Call of Duty 4: Modern Warfare
Released: November 5, 2007 | Developer: Infinity Ward | Shop: Call of Duty at Amazon
Modern Warfare was the first in the series to switch to a modern fictive conflict. The game AI was a step above COD 3, reacting more realistically, running to get cover when under fire, and shooting back without getting exposed. Such upgrades made the game more immersive, especially for a series renowned for action, and though the AI could be described as weak, Infinity Ward compensated by bombarding you with waves of meat sacks instead of intelligent threats.
One of the modern aspects of this game was loading screens used to show a briefing of the objective ahead, allowing those rocking high-end machines to have a seamless transition from mission to mission.
While the story was good with a lot of action-packed and standout moments (Nuke explosion and AC 130 mission spring to mind), it’s the online multiplayer that got players hooked. At least 16 maps and 13 game modes offering excellent replayability. You just couldn’t stop playing, game after game, the fun was there, each time trying to beat your previous score.
The game was so loved by players that Activision has been attempting to rediscover that winning formula, to varying degrees of success, ever since.
Company of Heroes
Released: September 12, 2006 | Developer: Relic Entertainment | Shop: Company of Heroes at Amazon
Company of Heroes was one of the first World War II real-time strategy games to get wide recognition thanks to its detailed physics which actively transformed the battlefield from a somewhat war-torn city to a completely devastated zone without a single standing building. My favourite part consisted of calling a bunch of self-propelled artillery pieces and ordering them to fire all at the same time before watching hell rain on the enemies from above.

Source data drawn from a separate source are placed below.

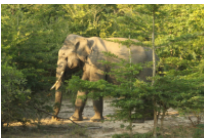
6 - Trincomalee - Roccia del leone - 170
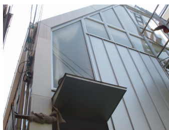
ガルバリウム鋼板
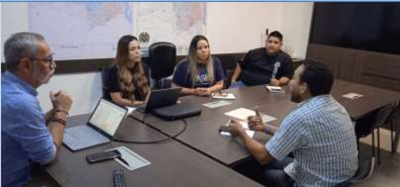
Reunión de trabajo para plan de acción política pública LGBTIQ
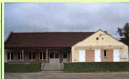
OBIEKT W MIĘDZYRZECZU D.
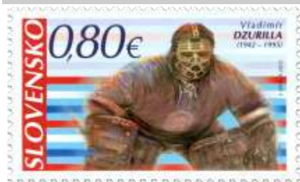
585) Vladimír Dzurilla (1942 – 1995) – slovenský hokejový brankár

2015, 31. 3. * Vladimír Dzurilla * príležitostná známka, rady známok v protichodnom usporiadaní * N: I. Benca * OF PTC * PL: 30 ZP + 30 K, TF: 4 PL * papier FL * KHZ 11 ¾ : 11 ¼ * FDC N: I. Benca, OF Kasico * náklad: 210 tis.
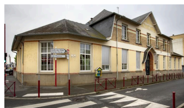
Vue de l'école maternelle. IVR52_20197202545NUCA
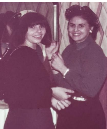
Gita a Montecarlo

Siamo cresciute, tu forse anche troppo in fretta, hai avuto un bimbo giovanissima, ma in quel periodo ci siamo ritrovate.
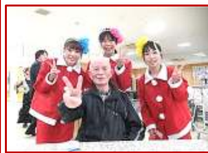
令和の『キャンディーズ』
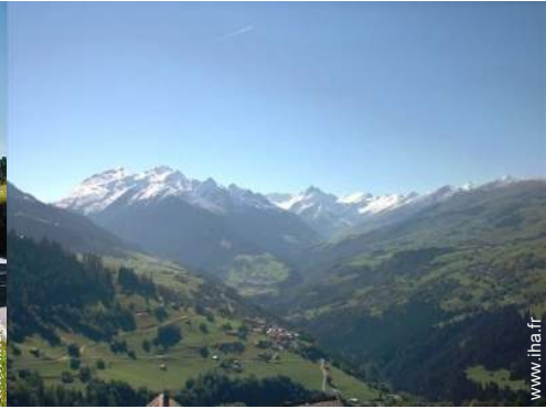
vue sur montagne
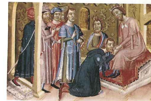
Złożenie hołdu lennego wiązało się często z uroczystym przekazaniem inwestytury i ziemi. Na ilustracji przedstawiono duchownego, który składa przysięgę wierności królowi Aragonii Jakubowi I i staje się jego wasalem.

Na pogłębienie się kryzysu w Kościele miały też wpływ rozpad imperium Karolingów oraz najazdy Normanów, Węgrów i Arabów. Doprowadziły one do upadku wielu klasztorów, które stały się łupami najeźdźców i zostały opuszczone przez mnichów. Pozostałe często traciły swoje majątki i stawały się zależne od okolicznych możnowładców. Wprawdzie klasztory w najmniejszym stopniu ulegały zeświecczeniu, jednak doszło w nich do zaniku dyscypliny i rozkładu duchowości zakonnej.
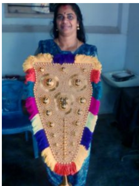
Un ornement de trompe d'éléphant en métal embossé
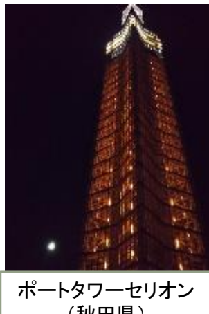
ポートタワーセリオン (秋田県)
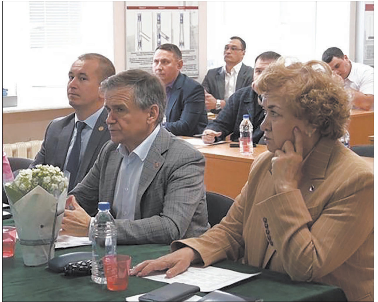
В комиссии по защите дипломных проектов выпускников АГНИ принимает участие директор ООО «ТаграС-РС».
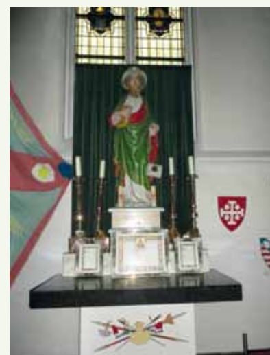
Sint-Jacobus, Jacobus de Meerderekerk, Zeeland.

De beschreven wandeling maakt deel uit van de etappe Zeeland – Den Bosch van de Jacobsweg Nieuwemeghen (Jacobswegen in Nederland, deel 2) .
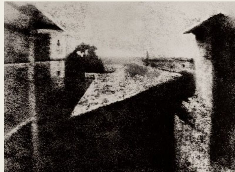
Гелиогравюра «Вид из окна в Ле Гра», отпечатанная с литографического клише

Отправной станцией, ведущей к изобретению первого фотоаппарата, стало наблюдение того, что растворенные соли железа на свету меняют цвет. С 1800 года создать фотоснимок пытались многие, но удалось это только через двенадцать лет Ж.Н.Непсу – изобретателю фотоаппарата-обскуры, снабженного линзой и раздвигающейся трубкой. Именно он придумал работающий фотоаппарат, на котором сделали первую
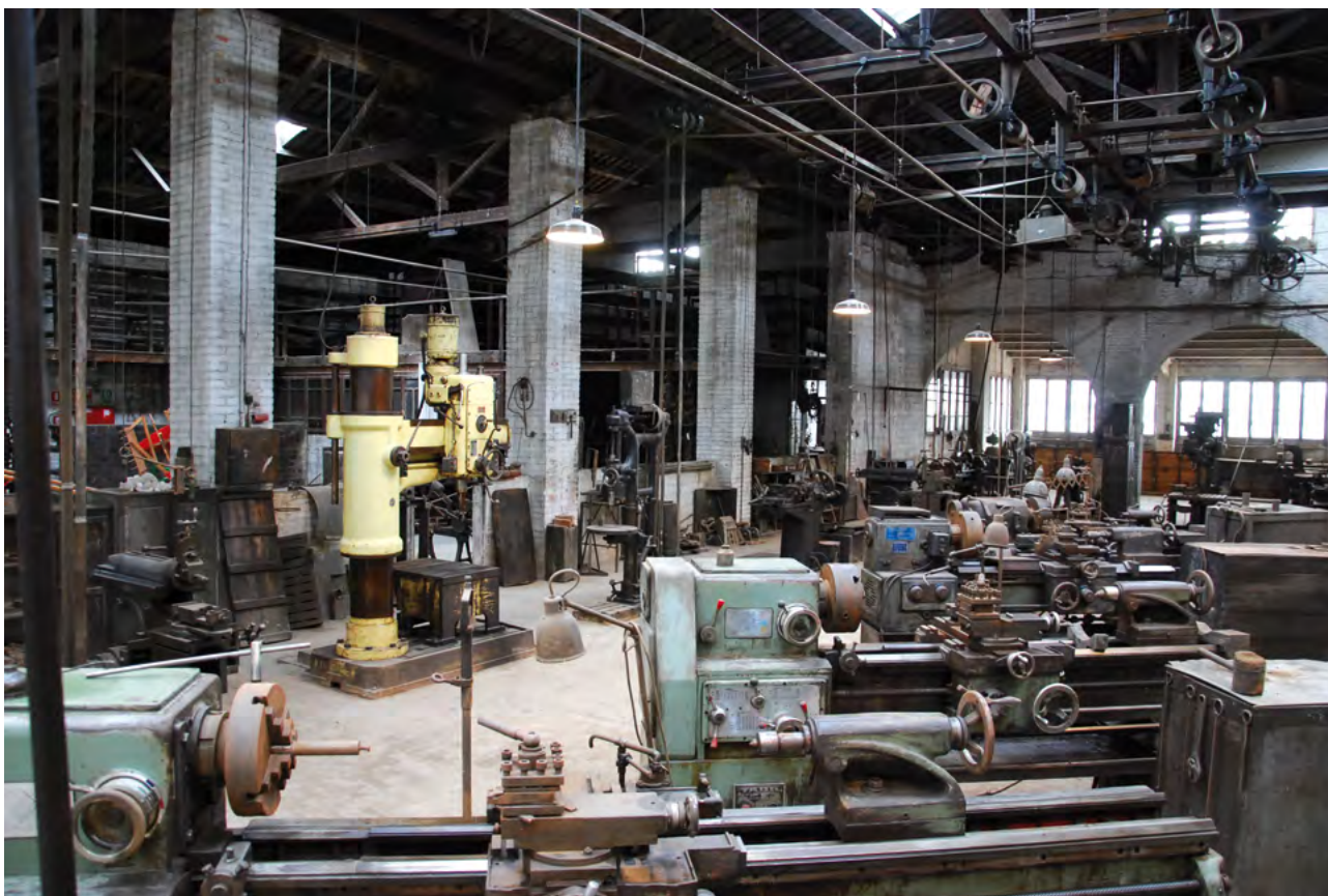
Embarat, sistema de politges i corretges, nau 5, Museu Trepat.

tarà el casal de Josep Trepat va preveure edificar, a finals dels anys cinquanta del segle XX, al costat del departament comercial de la fàbrica. En aquests espais s'ubicarà una residència per a la creativitat artística i un alberg per als pelegrins del Camí de Sant Jaume i es restaurarà mobiliari de Cal Trepat, i en els salons principals de la casa s'explicarà la història de Josep Trepat. Es preveu executar aquesta rehabilitació el 2021.
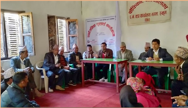
सार्वजनिक सुनुवाइ तथा घुम्ति शिविर बाँफिकोट
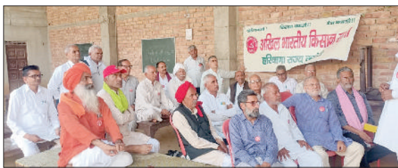
जीद। बैठक करते हुए किसान।
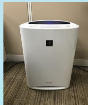
店舗内の換気、清掃を徹底いたします。
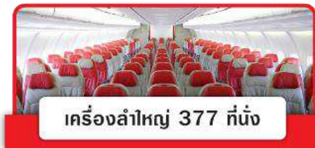
เครื่องลำใหญ่ 377 ที่นั่ง

(ขอสงวนสิทธิ์ในการเลือกที่นั่งบนเครื่องบิน เนื่องจากต้องเป็นไปตามระบบของสายการบิน)
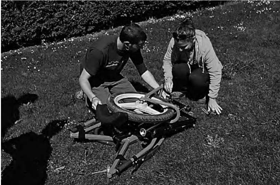
Practicando montaje y desmontaje de la joëlette.

La silla Joëlette a fin de facilitar su transporte permite el montaje y desmontaje en un espacio bastante reducido, que permite que pueda ser llevada a cualquier sitio, incluso guardada en el maletero de un vehículo compacto.
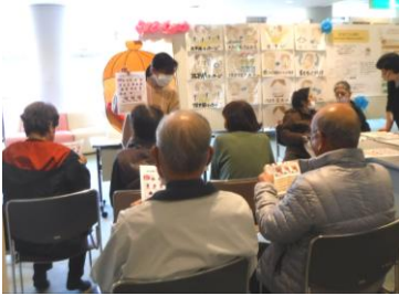
のどの筋トレ体験教室
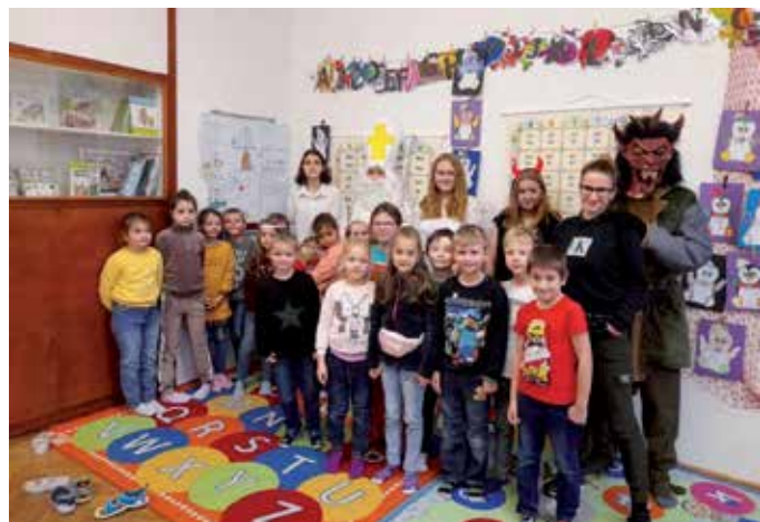
Návštěva Mikuláše, anděla a čerta.
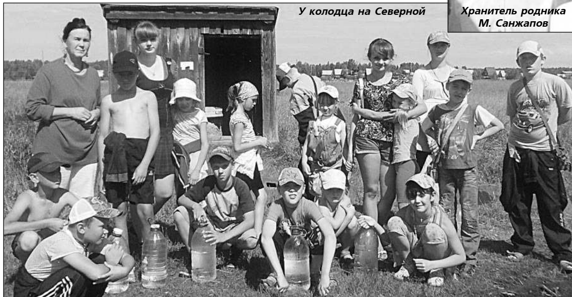
У колодца на Северной

Проблема чистой питьевой воды в поселке как была, так и остается. Несмотря на новую технологию водоочистки, внедренную на водозаборе прошлой зимой, многие баранчинцы перестраховываются и продолжают использовать воду из под крана только на хозяйственные нужды, а для питья и готовки пищи предпочитают родниковую воду.
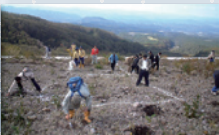
日野川、大山での清掃ボランティアやスポーツ教室の様子
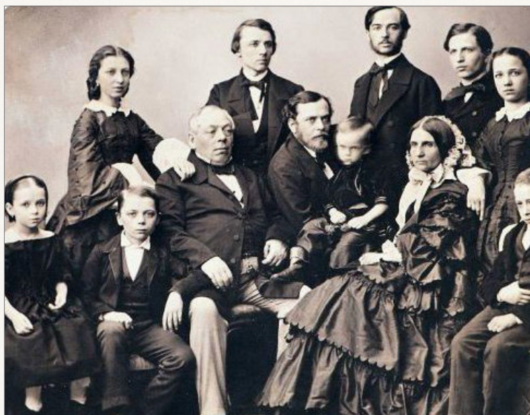
Семья Мамонтовых. Фотография середины XIX в.

Первые известные нам семейные династии российских предпринимателей начали складываться уже в едином Московском государстве, при царе Иване Грозном. К XV в. относится формирование династии русских предпринимателей Строгановых, основателем которой был Аника Федорович, разбогатевший на добыче соли на Кольской губе. В то же время началась история таких известных купеческих фамилий, как Никитниковы, Шорины, Светешниковы, Веневитиновы, развивавших торговлю внутри страны, с новыми присоединенными территориями Зауралья и заграничными территориями.
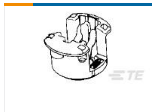
TE 产品编号1473369-7 SQUIB 11DIA SCR ASSY CODE-A GR
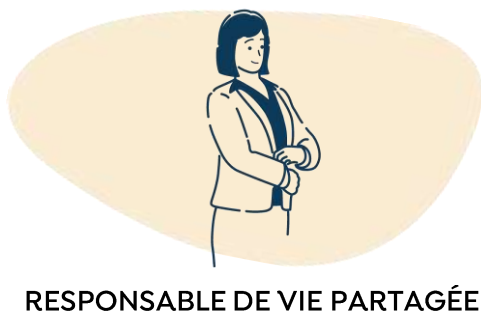
RESPONSABLE DE VIE PARTAGÉE
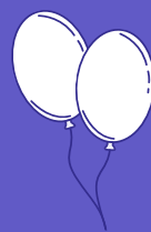
globos y palitos para globos

Elige negocios con empaques responsables
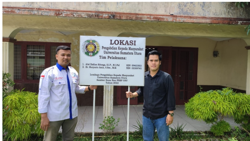
Gambar 7. Momen pemasangan plang kegiatan antara Ketua KIPAN Sumut dengan Ketua Tim Pengabdian
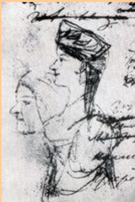
Черной Рисунк поэт
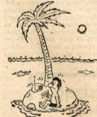
Obveščamo srečnega lastnika srečke številka 1307, da je danes zadnji rok za dvig stotimilijonske premije...

Med vojno ponoči je začel sovražnik bombardirati mesto. Mož plane iz postelje, zbudi ženo in pravi: »Teciva v klet!« »Počaka,« odgovori žena, »da vzamem umetne zobe...« »Hudiča kaj boš z zobmi, saj ne padajo sendviči, ampak bombe!«
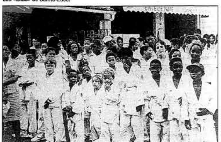
Les judokas ont pris part au défilé.
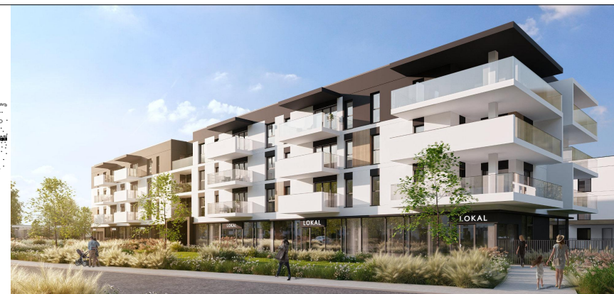
Parter: Lokal usługowy U.01
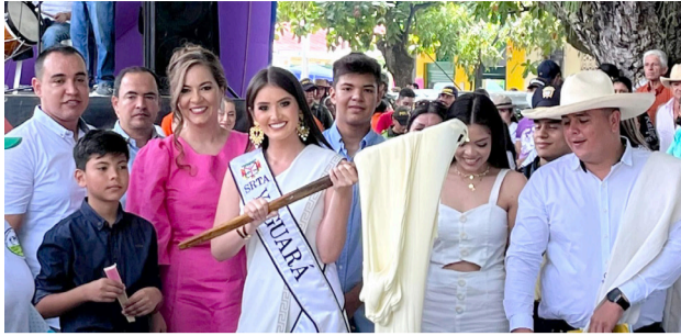
Reina Departamental del Turismo se despide
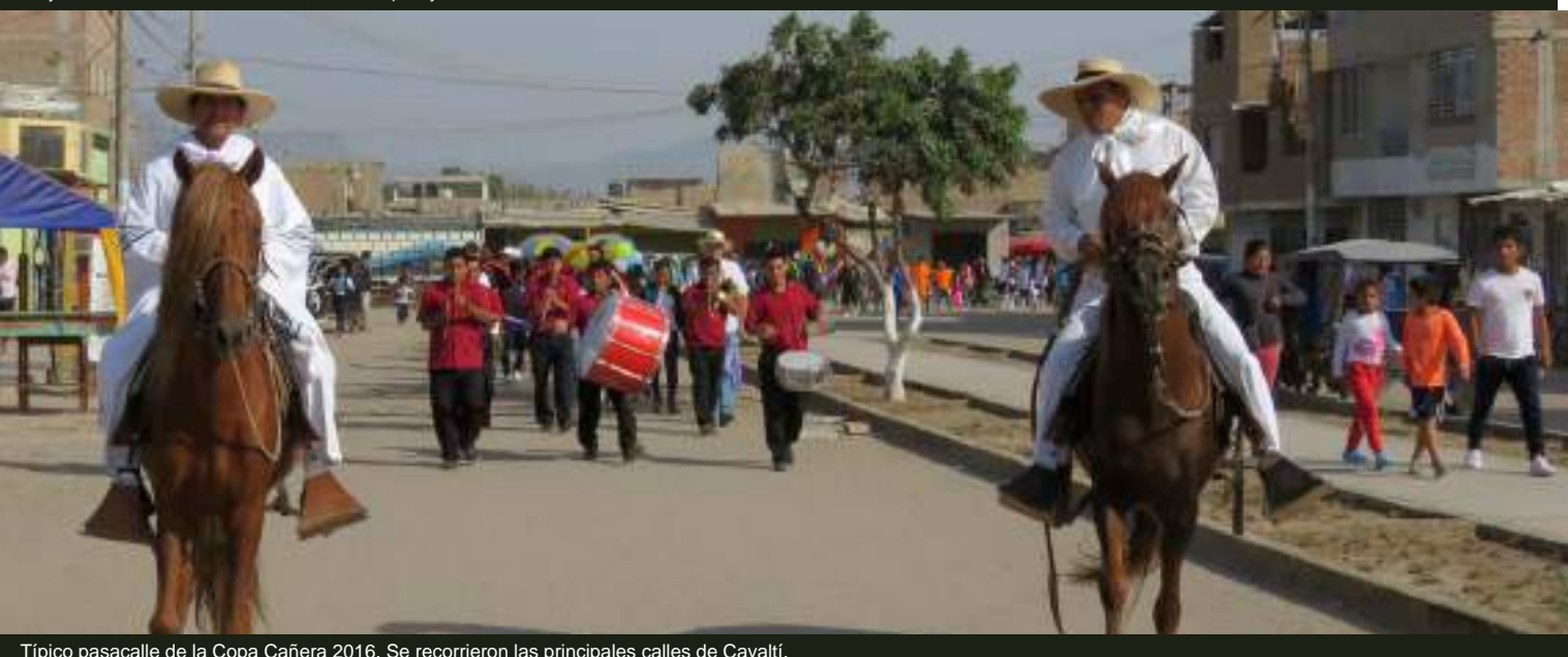
Típico pasacalle de la Copa Cañera 2016. Se recorrieron las principales calles de Cayaltí.

Unlike many RTS titles, this one is based around capturing strategic resource points which are then used to make more units that get sent to reinforce and help the existing troops in capturing more points, and so on, until reaching the enemy base and destroying it. This meant that, first, resources are infinite so there is always a way to come back from a losing situation given enough time, and second, though hard to pull off, focusing on one resource type – fuel for example – can lock enemies from creating armoured vehicles, thus weakening their firepower.
The campaign is well-designed, structured as if it was a real WW2 operation with multiple primary and secondary objectives. However, it’s in online multiplayer that this game’s mechanics truly shine. Instead of the usual unit spam, COH values each one, allowing them to heal/reinforce back to new condition, while becoming more deadly thanks to gained battle experience. Strategy is obviously very important; mining a bridge or destroying it to force enemies into a chokepoint before sending in a V1 rocket can be devastating. My only complaint would be that vehicle path finding wasn’t great.
From this 2000s game list, Company of Heroes is probably the game that has stood the test of time, with graphics, physics, and gameplay still holding well. As for the series, it is alive and kicking with the third opus released just a couple of weeks ago.
Ten picks are clearly insufficient to contain the number of excellent games released in the 2000s. I can feel the rage building among die-hard fans lamenting certain omissions, but remember, this is all personal experience. There were many more popular games during that memorable decade, including some major award winners, yet the above 10 resonate with me.
Nonetheless, this was a tough list to compile, and I’d be remiss not to include a few honourable mentions. Batman: Arkham Asylum, Halo, Dead Space, Half Life 2, Prince of Persia: The Sands of Time, Hitman: Blood Money, Warhammer 40,000: Dawn of War, and Resident Evil 4 all deserve a mention. And hey, if you weren’t absolutely loving Guitar Hero in 2005, you missed out big time.